On May 13, 1983, it was reported that New York Department Stores would be reopening in the following month of two of the stores that the Barkers chain had closed on the Island in January of that year. These would be a store in the Yauco shopping center, and another in the shopping center Los Dominicos, in Levittown, 32,250 square feet and 40,000 square feet, respectively. With the reopening of the stores, according to Rafael Pérez, then assistant vice president of finance for the NYDS, these would create around 100 new jobs, in addition to the 700 it already had with another 8 branches and a central warehouse that operated in Puerto Nuevo on the Island. The new stores were purchased at auction in New York City, where Barkers had filed for bankruptcy in January of that year for financial reasons. New York Department Stores paid approximately $500,000 for their equipment and the leasing rights to the shopping centers where they are located. Pérez also said that in the Yauco and Levittown stores, the NYDS would maintain the central cashier system that Barkers used, as well as some additional cashiers in various departments, as was the concept used in its other stores. The manager of the Yauco store would be Luis Muñiz and that of Levittown, Antonio Picón. The chain at the time had stores in San Juan, Caguas, Santurce, Río Piedras, Bayamón, Guaynabo, Arecibo, and Mayagüez.

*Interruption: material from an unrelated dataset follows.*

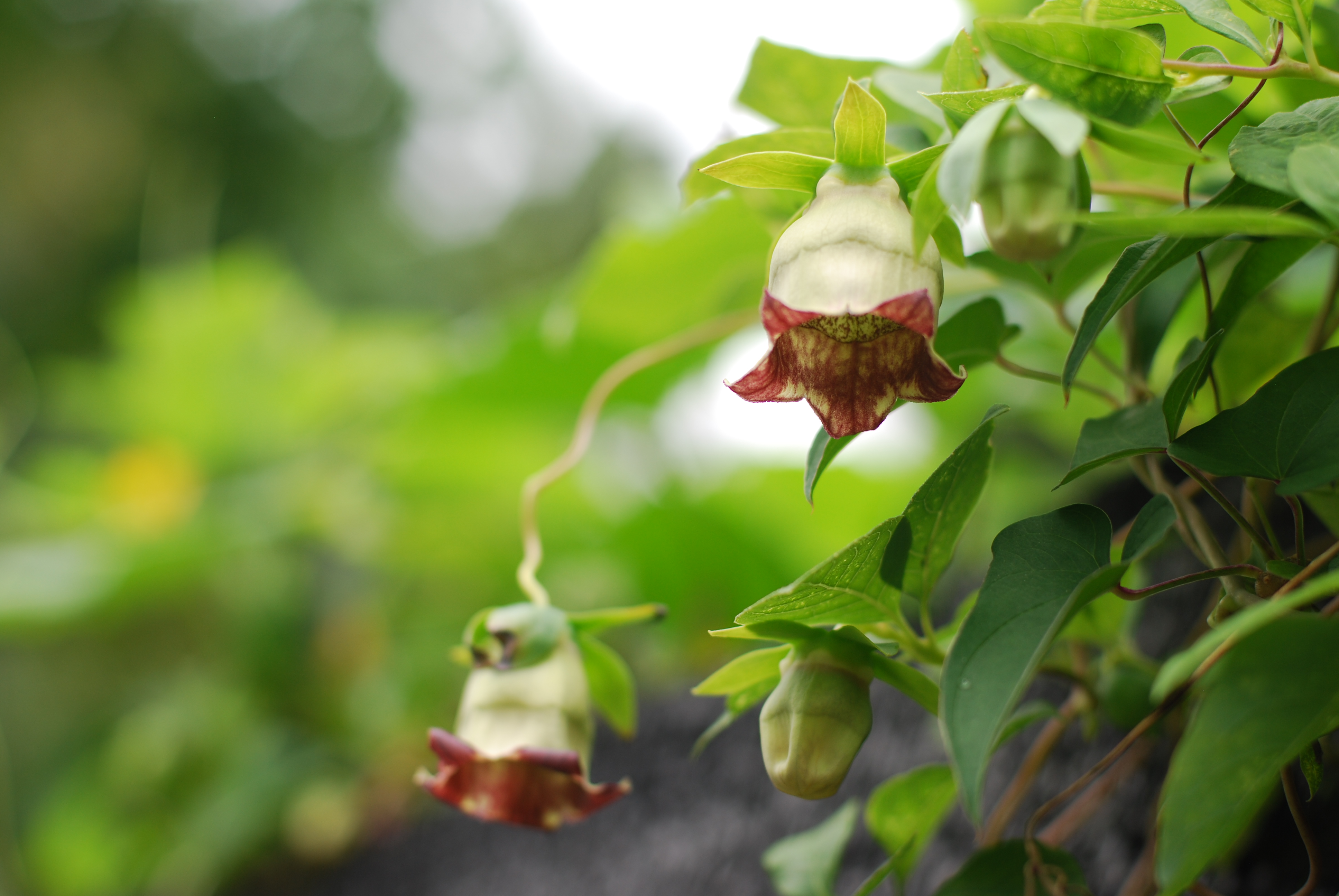 더덕 꽃은 절간에 있어야 할 종 모양이다. 옻칠한 교자상 같은 고풍스런 꽃 색깔이 멋스럽다.

=== Acquisitions, and dissolution ===
On September 8, 1987, it was announced that To-Fitness of Bay Harbour Island near Miami, a health food company, said it would buy New York Department Stores of Puerto Rico for $8.5 million cash and expand the chain in coming years. To-Fitness said it planned to open To-Fitness boutiques, featuring the company's food products, in each store. To-Fitness marketed a multigrain bread, pasta products and instant yogurt shakes. New York Department Stores operated 10 stores in Puerto Rico at the time, with reported revenues of $42 million for fiscal 1987. To-Fitness also said that Ronald J. DeFusco, former chief executive officer of Spartan-Atlantic Stores, would become chairman of the chain. The acquisition was subject to approval by New York Department Stores shareholders.

On August 2, 1988, investors would buy the New York Department Stores and another chain of stores Seedman's. The New York Department Stores of Puerto Rico Inc., Santurce Realty Inc. and Seedman's of Puerto Rico transferred 100% of their shares to the company, NYTSA Acquisition, effective last July 29. Ronald De Fusco, one of the largest investors in the acquisition, had been appointed to chair the board of directors. De Fusco had more than thirty years of experience in the retail merchandise business. De Fusco said he hoped to give the new members of the management team the opportunity to invest in the new firm. He informed that this team would be primarily composed of current members and executives of the acquired companies. Michael Hess, the former president of Seedman's, would serve as president, and Miguel Delgado, former executive vice president of New York Department Stores, would serve as executive vice president and chief financial officer. It was said that the largest investor in the transaction, other than De Fusco, was Investcorp, an international investment bank with offices in London, New York City and Bahrain, in the Middle East. Investcorp typically acted as a financial partner for corporate and real estate acquisitions.

On May 4, 1994, Melville Corp.'s Marshalls unit agreed to acquire most of Investcorp's New York Department Stores of Puerto Rico Inc., credit-rating companies said the day earlier. Melville was based in Rye, New York. Richard Posner, executive vice president of Credit Exchange in New York, said at the time the agreement in principle between Investcorp and Marshalls, a department store chain, was signed the week before. Posner said the agreement covered all but one of Investcorp's Puerto Rico stores. Terms weren't disclosed. Investcorp owned about 16 midsize department stores in Puerto Rico, said James Rice, a credit analyst at Bernard Sands' Credit Consultancy, who also reported the purchase agreement. Most of the stores bought by the Melville Corp. would be converted into Marshalls stores or closed.

On October 26, 1995, Investcorp went on to mention that the New York Department Stores chain in Puerto Rico did so badly Investcorp gave up hope of recovery and returned the original investment to clients.